• Frist (unregistered)

    Cannot find the comment resource file (comment12.txt)

    Captcha: eros - something to do with love or so, but how should a proper nerd know?

  • (cs)

    Dear Alex,

    Is there a reason you didn't file a bug report like a normal person?

  • (cs)

    Thanks to reflection, you can modify their code and add said function call in!

    Of course such is dangerous if their stuff gets updated... so do some exact version sniffing and don't inject code if it changes.

  • by (unregistered) in reply to Markp
    Markp:
    Dear Alex,

    Is there a reason you didn't file a bug report like a normal person?

    ... says the developer of the aforementioned "code"... :)

    captcha: wisi - don't be a wiki, but more wussy...

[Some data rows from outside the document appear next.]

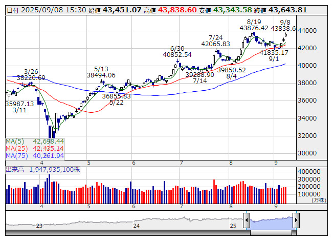 前週末5日の米国株式市場は軟調に推移。雇用統計を受け早期利下げ期待が強まり、寄り付き後、上昇。ただ、同時に予想を大幅に下回った結果で、景気後退入りを警戒した売りに押され、相場は下落に転じた。終日売り買いが交錯し、終盤にかけて下げ幅を縮小し、終了。米株式市場の動向を横目に、本日の日経平均は続伸して取引を開始した。前場は、7日に石破首相が辞任表明したことで財政拡張派の新政権誕生に期待する動きが強まり、買いが先行。ただ、43800円台に到達すると上値の重い展開となり、その後は大引けまで43600円台でもみ合う展開となった。政治の混乱で日銀が利上げに一段と慎重になるとの見方もあり、円安により輸出企業の業績が改善するとの期待も広がった。一方、高値圏では主力株に利益確定売りが出ており、来週に日米の中央銀行の金融政策決定会合を控えるなか、一段高の動きには期待しづらかった。
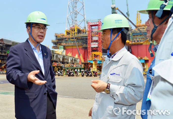 (거제=포커스뉴스) 송언석 기획재정부 2차관이 1일 경남 거제시 소재 삼성중공업 조선소를 방문해 사업장 시찰을 하고 있다. <사진제공=기획재정부>
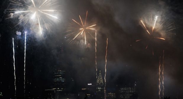 Algunas ciudades de Estados Unidos optaron ayer por espectáculos de luz -valiéndose de las posibilidades que dan los drones-, pero en Nueva York los drones sencillamente se incorporaron al espectáculo como introducción, siendo el plato fuerte la colección gigantesca disparada desde cinco barcazas situadas en mitad del río.
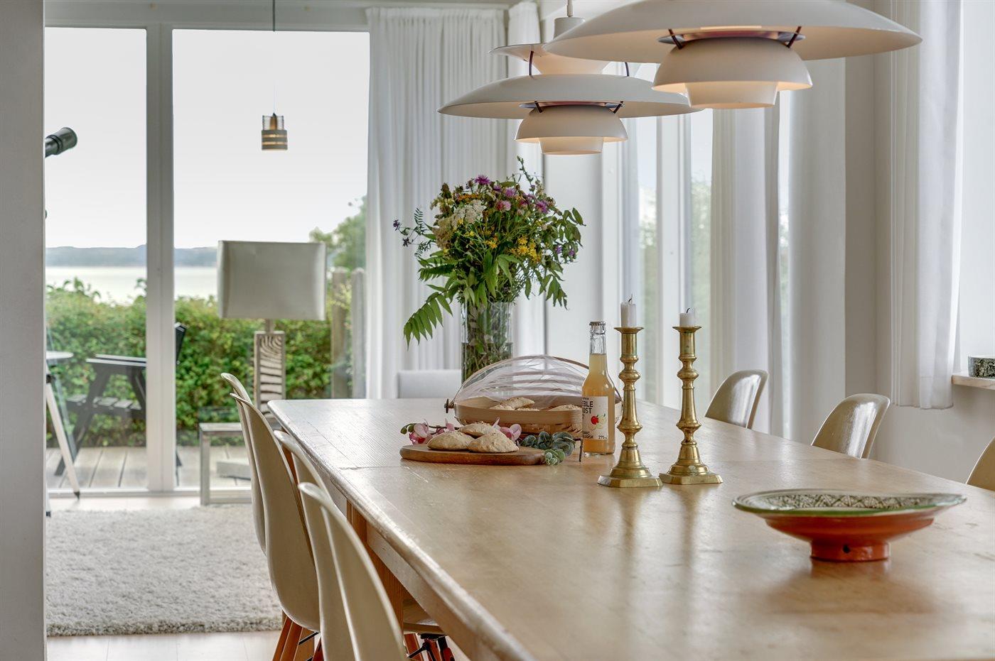 Med en unik beliggenhed helt ned til vandet finder man dette rummelige og lyst indrettede sommerhus. Huset henvender sig til de gæster, der lægger vægt på kvalitet og komfort. Til huset hører et stort terrasseareal, hvorfra man kan nyde den dejlige udsigt. På husets 1. sal er der indrettet arbejdsplads med 2 kontorborde og stole.

  • by (unregistered) in reply to by
    by:
    captcha: wisi - don't be a wiki, but more wussy...

    need more coffee...

    wisi - like a wiki, but more wussy...

    There we go, with the magic of the internets, I'm able to undo history...

  • Jasper (unregistered)

    OH MY GOD! This guy has our SOURCE CODE! Call the police! He's a hacker who broke into our systems and stole our source code!

  • (cs)

    Dear Alex,

    Corporate code is a POS unless you were the one that developed it (or can tweak it yourself). Accept it and move on to more useful WTFs.

    A Reader

  • Dave (unregistered)

    Shouldn't you use Environment.NewLine instead of "\r\n"?

    I do and it just seems better that way.

  • (cs) in reply to Dave
    Dave:
    Shouldn't you use Environment.NewLine instead of "\r\n"?

    I do and it just seems better that way.

    Yes, one should, but more importantly, one shouldn't be concatenating literals like that, just to put them on separate lines. And assuming this is how Reflector output the code, that means the compiler didn't optimize it away.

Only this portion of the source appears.